STATE OF OHIO v. DONALD D. HALL
C.A. CASE NO. 2011 CA 32
IN THE COURT OF APPEALS FOR GREENE COUNTY, OHIO
June 8, 2012
2012-Ohio-2539
T.C. NO. CRB1001238; (Criminal appeal from Municipal Court)
Attorney for Plaintiff-Appellee
SHAWN P. HOOKS, Atty. Reg. No. 0079100, 131 N. Ludlow Street, Suite 630, Dayton, Ohio 45420
Attorney for Defendant-Appellant
OPINION
FROELICH, J.
{1} Donald Hall appeals from a judgment of the Fairborn Municipal Court,
I.
{2} In June 2010, Hall was charged with telephone harassment, a first degree misdemeanor, based on telephone calls that he made to an individual who had been hired to perform contracting work at his home. During the pendency of his case, Hall requested several continuances based, in part, on treatment he was receiving for his back. The trial court ultimately required Hall to submit documentation from his treating physician as to why he could not attend the trial, which was scheduled for February 9, 2011.

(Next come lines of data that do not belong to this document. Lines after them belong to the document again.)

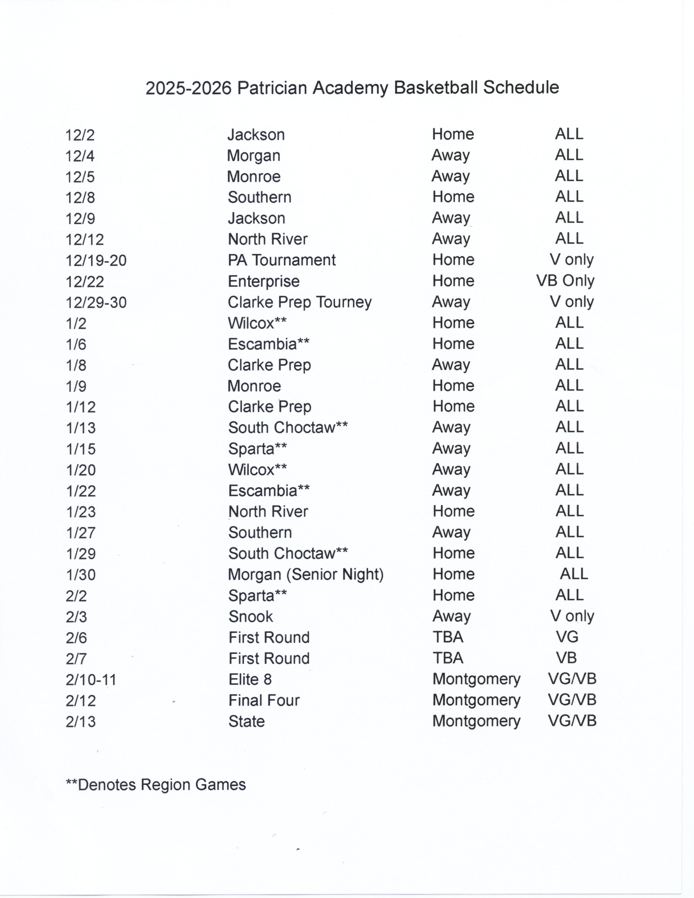 PA Sports Deer Hunt Form School Calendar PA Newsletter Patrician March Madness Supply List Awards & Recognition Student Life PA Sports Sports schedules are subject to change. Please check back closer to start of the season. Volleyball 2025 https://www.pasaints.com/editoruploads/files/2025%20Volleyball.pdf Varsity Football 2025 https://www.pasaints.com/editoruploads/files/2025%20Varsity%20Football%20Schedule.pdf JV and Pee Wee Footballhttps://www.pasaints.com/editoruploads/files/2025%20JV%20%26%20Pee%20Wee%20Football%20Schedule.pdf Patrician Academy Basketball 2025-2026 Baseball Schedule 2025 Softball Schedule 2025 Golf Schedule 2025 Track Schedule 2024 Pee wee baseball and softball 2025
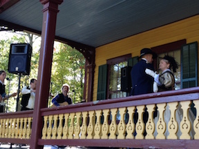 A Union encampment fills a small clearing, and on the opposite end of the lot, a Civil War Navy band plays under a tent. Later, there’ll be a bluegrass band that will play on the cottage porch. Among their period tunes, they’ll slip in Johnny Cash’s “Ring of Fire” and the theme from “Rawhide.”
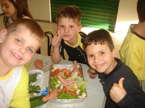 Durante a atividade, os alunos – divididos em grupos, criaram as receitas e produziram as saladas para representar o jardim descrito na música. As saladas tinham Octopus (polvos), que pela música povoam o jardim e recebem as crianças que o visitam. Os “polvos” foram representados com salsichas.
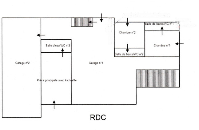 - Au Rdc chaussée, vous trouverez un grand garage de 47m², un deuxième plus petit, une cave, trois chambres équipées chacune d'une salle de bain et d'un WC. Deux chambres sont louées à l'année, pour un revenu de 770€ par mois, le studio en bail saisonnier pour un loyer de 375€ par mois. Chaque chambre dispose d'un accès direct vers l'extérieur.
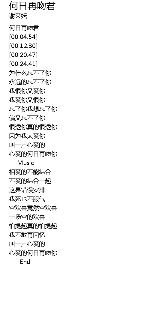 | [00:02.22] | 何日再吻君 |
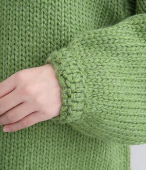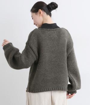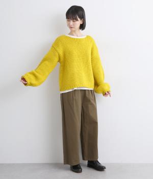 柔らかく保温性があり、ふんわりとした質感のアクリルウールバルキー素材。ほどよい伸縮性でストレスの少ない着心地です。ざっくりとした素朴な風合いが魅力です。
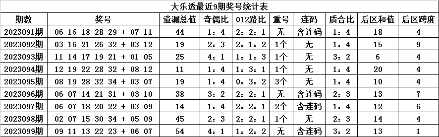 体彩大乐透第2023099期奖号为:09 11 13 22 23 + 06 07,各位号码遗漏期数分别为:16期、5期、15期、1期、17期+21期、3期,前区号码遗漏总期数为54期,012路比为1:2:2,奇偶比为4:1,没有开出重复号码。后区号码遗漏总期数为24期,和值为13,跨度为1。
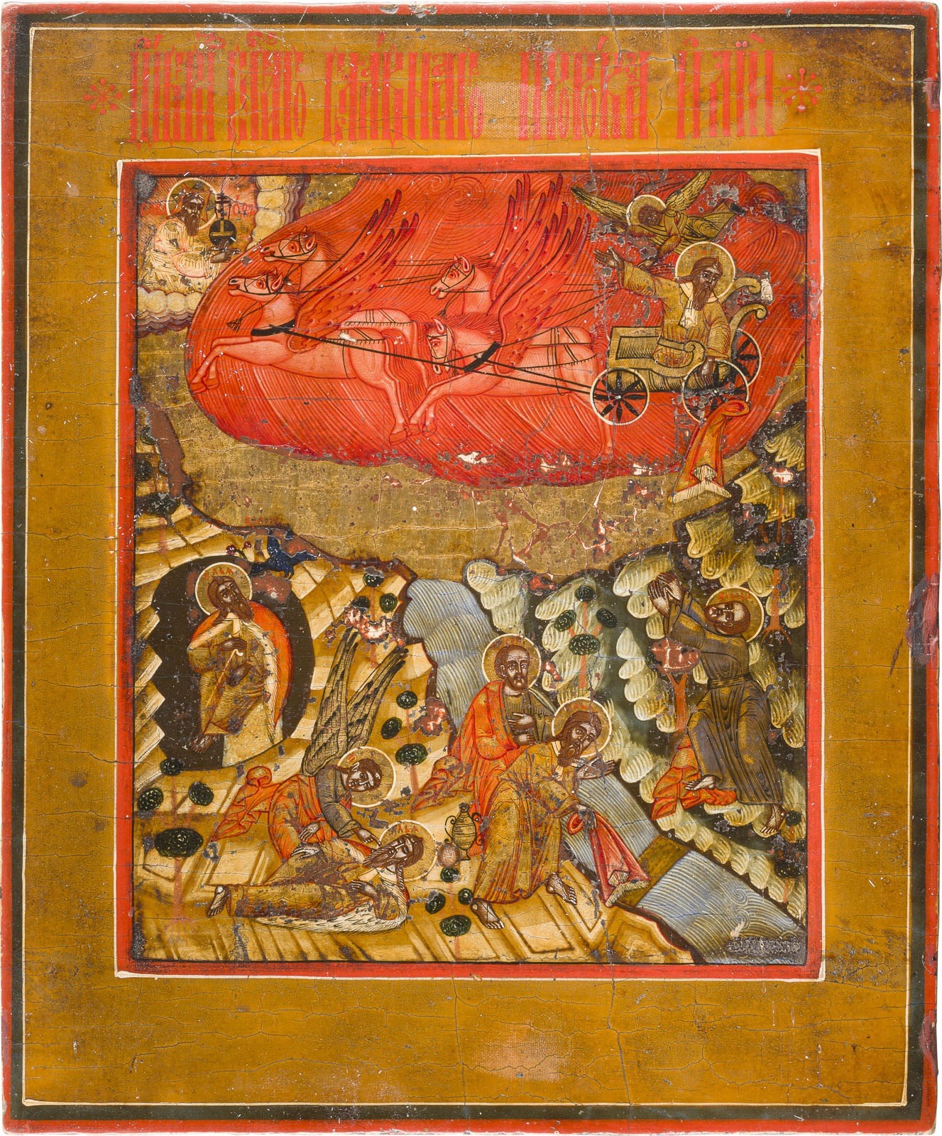 IKONE MIT DEM PROPHETEN ELIAS, SEINEM LEBEN IN DER WÜSTE UND SEINER FEURIGEN HIMMELFAHRT
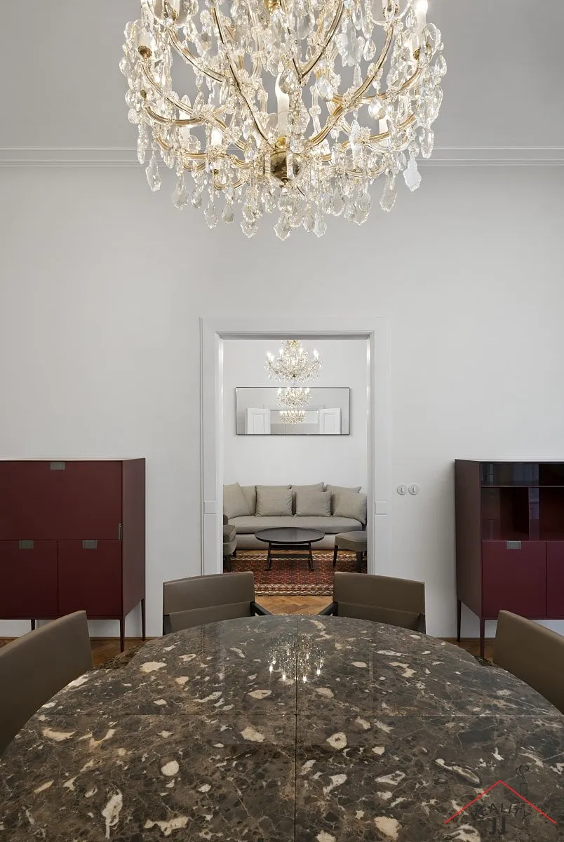 V bytě jsou parketové podlahy, štukové stropy a křišťálové lustry.
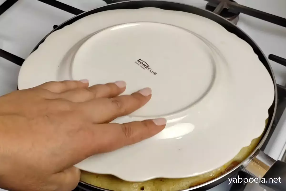 - Трюк із тарілкою: Змащування тарілки олією перед перевертанням гарантує, що ніжний пиріг не прилипне до неї та легко зісковзне назад у сковороду.
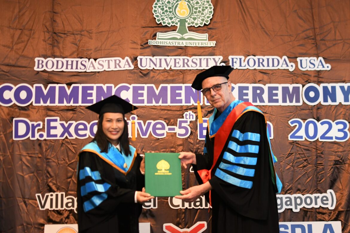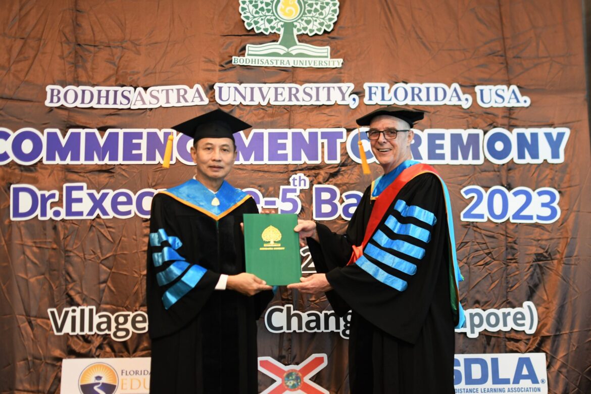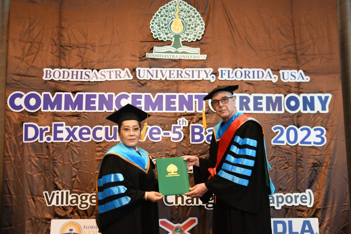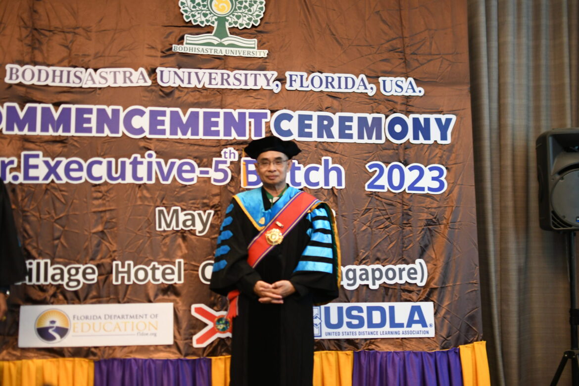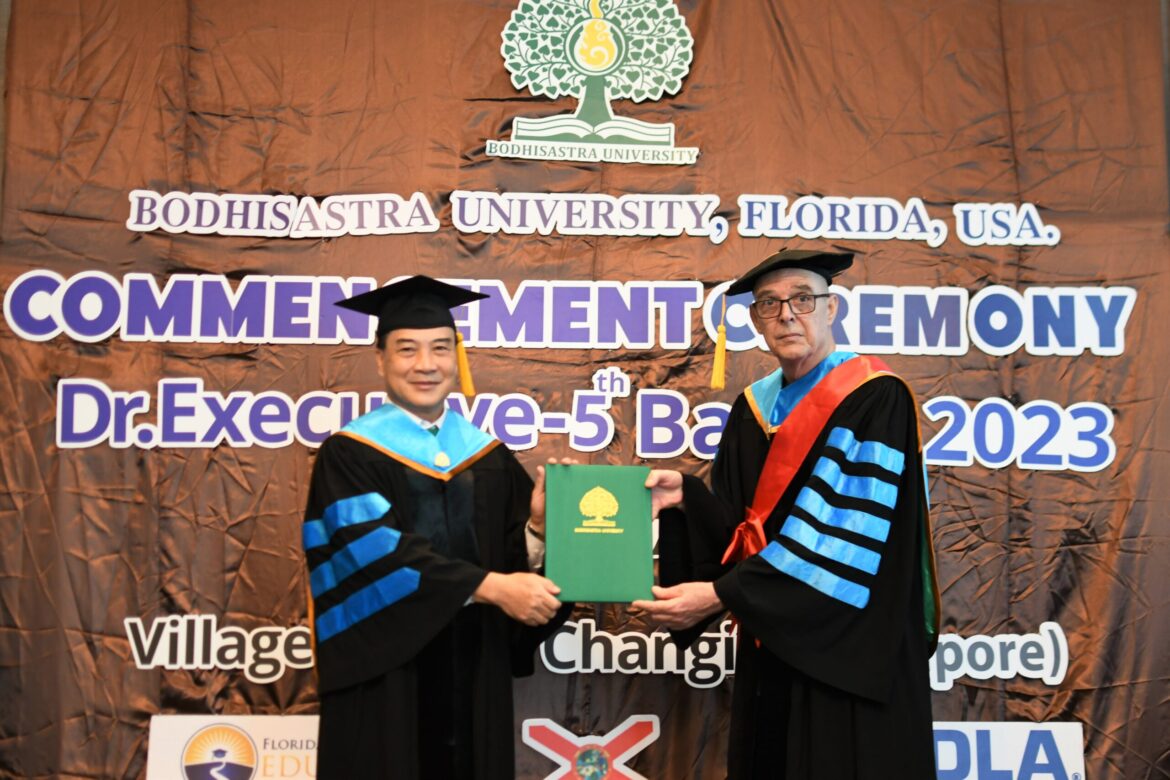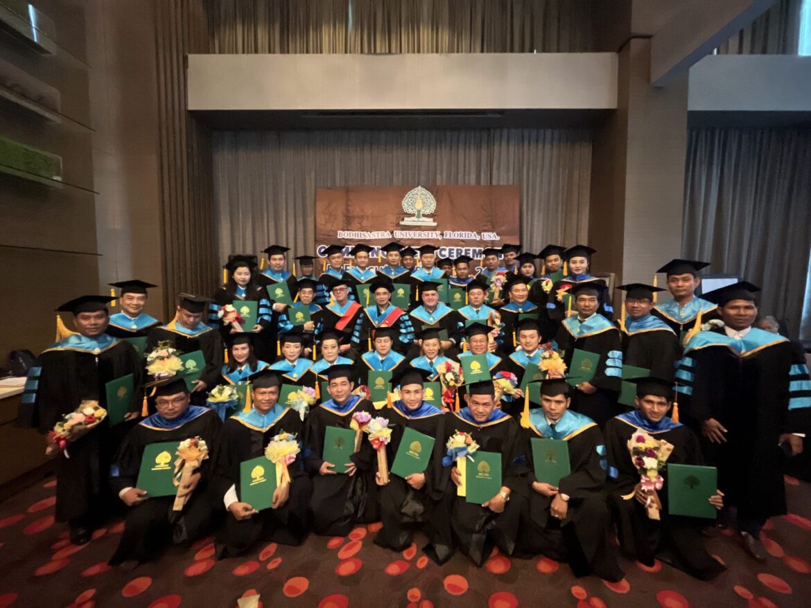BODHISASTRA UNIVERSITY FLORIDA, UNITED STATES OF AMERICA. By Prof. Dr. Sak Prasandee, CEO and executives organized a graduation ceremony for graduates of doctoral, master’s and bachelor’s degrees at Chang Yi Village Hotel, Singapore. The graduates were from Thailand, Cambodia, America and Hong Kong.

{3} On February 4, 2011, Hall again moved for a continuance, stating that he was involved in an automobile accident in December 2010, that he was recovering from back surgery prior to the accident, and that, as a result of the accident, he “has been receiving prescription pain killers, such as vicodin and percocet.” Hall stated that he did “not believe that accurate testimony can be elicited while under heavy painkillers,” which he reportedly took several times a day. Hall attached a doctor‘s note indicating that Hall was under the doctor‘s care for a motor vehicle accident injury and was participating in therapy; the note asked the court to “please excuse [Hall] from court until improved.” Four days later, Hall supplemented the motion with a letter from his chiropractor, which stated that Hall was under his care for cervical, thoracic and lumbar spinal injuries sustained in the car accident and that “it is recommended that Donald Hall not attend court hearing scheduled for February 9, 2011.” The trial court overruled the motion for a continuance, noting that the doctors’ information was “vague” and failed to provide any indication as to when Hall
{4} On February 9, 2011, Hall appeared with counsel, waived a jury trial (which he had requested), and entered a guilty plea to menacing, a fourth degree misdemeanor. The court immediately sentenced him to 30 days in jail, all of which were suspended on the condition that he complete two years of unsupervised community control, have no contact with the complainant, and stay at least 500 feet from the complainant for two years. Hall was also ordered to pay a $150 fine and court costs.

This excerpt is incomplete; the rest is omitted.